» Task brief
Each line from the one that includes "红星资本局查询绝味鸭脖官方点" to the last line of the data below should be set down exactly; no other lines are wanted.

Data items
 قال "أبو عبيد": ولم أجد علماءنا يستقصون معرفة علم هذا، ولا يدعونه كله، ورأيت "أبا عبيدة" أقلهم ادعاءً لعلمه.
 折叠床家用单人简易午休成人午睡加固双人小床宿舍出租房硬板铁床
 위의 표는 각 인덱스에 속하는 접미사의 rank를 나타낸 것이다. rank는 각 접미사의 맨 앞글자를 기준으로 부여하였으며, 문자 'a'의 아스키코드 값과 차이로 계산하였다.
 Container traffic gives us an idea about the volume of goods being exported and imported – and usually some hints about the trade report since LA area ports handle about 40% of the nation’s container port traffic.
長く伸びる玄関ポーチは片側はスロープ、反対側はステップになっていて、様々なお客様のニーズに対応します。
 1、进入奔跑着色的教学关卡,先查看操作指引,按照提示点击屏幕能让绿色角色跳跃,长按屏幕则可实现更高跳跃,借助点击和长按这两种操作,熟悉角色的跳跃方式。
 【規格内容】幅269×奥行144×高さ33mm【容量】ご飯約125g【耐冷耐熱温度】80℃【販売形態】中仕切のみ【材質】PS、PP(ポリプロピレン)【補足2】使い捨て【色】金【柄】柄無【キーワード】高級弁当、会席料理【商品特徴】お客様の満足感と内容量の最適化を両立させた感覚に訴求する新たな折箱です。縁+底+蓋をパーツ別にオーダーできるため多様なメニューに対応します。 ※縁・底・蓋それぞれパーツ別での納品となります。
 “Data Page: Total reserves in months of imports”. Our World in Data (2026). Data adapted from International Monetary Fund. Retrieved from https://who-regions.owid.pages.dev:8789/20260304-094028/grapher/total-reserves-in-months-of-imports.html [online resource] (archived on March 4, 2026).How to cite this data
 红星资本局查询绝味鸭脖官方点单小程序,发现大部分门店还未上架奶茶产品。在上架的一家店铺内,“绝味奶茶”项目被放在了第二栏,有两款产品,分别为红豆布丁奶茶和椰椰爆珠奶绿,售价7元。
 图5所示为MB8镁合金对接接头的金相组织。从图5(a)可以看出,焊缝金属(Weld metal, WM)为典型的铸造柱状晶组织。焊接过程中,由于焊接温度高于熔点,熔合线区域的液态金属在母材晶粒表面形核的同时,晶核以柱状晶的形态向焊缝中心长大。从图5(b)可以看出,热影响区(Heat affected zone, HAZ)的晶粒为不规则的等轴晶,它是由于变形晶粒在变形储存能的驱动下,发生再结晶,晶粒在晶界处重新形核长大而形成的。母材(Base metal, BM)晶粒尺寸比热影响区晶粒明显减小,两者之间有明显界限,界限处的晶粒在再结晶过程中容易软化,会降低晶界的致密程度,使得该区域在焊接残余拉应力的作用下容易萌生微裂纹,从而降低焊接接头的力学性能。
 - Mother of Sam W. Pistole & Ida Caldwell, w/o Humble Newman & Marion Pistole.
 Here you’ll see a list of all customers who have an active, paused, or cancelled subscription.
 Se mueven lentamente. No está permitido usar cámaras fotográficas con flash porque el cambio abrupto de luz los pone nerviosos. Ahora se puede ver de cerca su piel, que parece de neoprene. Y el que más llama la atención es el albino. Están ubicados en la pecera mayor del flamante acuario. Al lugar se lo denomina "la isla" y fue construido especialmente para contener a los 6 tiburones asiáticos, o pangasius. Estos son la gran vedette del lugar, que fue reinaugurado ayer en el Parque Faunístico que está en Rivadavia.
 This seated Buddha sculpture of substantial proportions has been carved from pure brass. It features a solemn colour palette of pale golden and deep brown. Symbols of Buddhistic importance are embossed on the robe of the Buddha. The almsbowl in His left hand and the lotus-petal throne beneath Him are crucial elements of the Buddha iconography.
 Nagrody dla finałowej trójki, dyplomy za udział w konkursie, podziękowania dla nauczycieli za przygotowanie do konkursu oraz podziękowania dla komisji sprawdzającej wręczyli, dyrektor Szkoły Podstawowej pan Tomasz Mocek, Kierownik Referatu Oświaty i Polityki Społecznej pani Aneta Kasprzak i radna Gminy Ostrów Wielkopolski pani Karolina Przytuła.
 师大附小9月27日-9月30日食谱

» Response to this exercise
 红星资本局查询绝味鸭脖官方点单小程序,发现大部分门店还未上架奶茶产品。在上架的一家店铺内,“绝味奶茶”项目被放在了第二栏,有两款产品,分别为红豆布丁奶茶和椰椰爆珠奶绿,售价7元。
 图5所示为MB8镁合金对接接头的金相组织。从图5(a)可以看出,焊缝金属(Weld metal, WM)为典型的铸造柱状晶组织。焊接过程中,由于焊接温度高于熔点,熔合线区域的液态金属在母材晶粒表面形核的同时,晶核以柱状晶的形态向焊缝中心长大。从图5(b)可以看出,热影响区(Heat affected zone, HAZ)的晶粒为不规则的等轴晶,它是由于变形晶粒在变形储存能的驱动下,发生再结晶,晶粒在晶界处重新形核长大而形成的。母材(Base metal, BM)晶粒尺寸比热影响区晶粒明显减小,两者之间有明显界限,界限处的晶粒在再结晶过程中容易软化,会降低晶界的致密程度,使得该区域在焊接残余拉应力的作用下容易萌生微裂纹,从而降低焊接接头的力学性能。
 - Mother of Sam W. Pistole & Ida Caldwell, w/o Humble Newman & Marion Pistole.
 Here you’ll see a list of all customers who have an active, paused, or cancelled subscription.
 Se mueven lentamente. No está permitido usar cámaras fotográficas con flash porque el cambio abrupto de luz los pone nerviosos. Ahora se puede ver de cerca su piel, que parece de neoprene. Y el que más llama la atención es el albino. Están ubicados en la pecera mayor del flamante acuario. Al lugar se lo denomina "la isla" y fue construido especialmente para contener a los 6 tiburones asiáticos, o pangasius. Estos son la gran vedette del lugar, que fue reinaugurado ayer en el Parque Faunístico que está en Rivadavia.
 This seated Buddha sculpture of substantial proportions has been carved from pure brass. It features a solemn colour palette of pale golden and deep brown. Symbols of Buddhistic importance are embossed on the robe of the Buddha. The almsbowl in His left hand and the lotus-petal throne beneath Him are crucial elements of the Buddha iconography.
 Nagrody dla finałowej trójki, dyplomy za udział w konkursie, podziękowania dla nauczycieli za przygotowanie do konkursu oraz podziękowania dla komisji sprawdzającej wręczyli, dyrektor Szkoły Podstawowej pan Tomasz Mocek, Kierownik Referatu Oświaty i Polityki Społecznej pani Aneta Kasprzak i radna Gminy Ostrów Wielkopolski pani Karolina Przytuła.
 师大附小9月27日-9月30日食谱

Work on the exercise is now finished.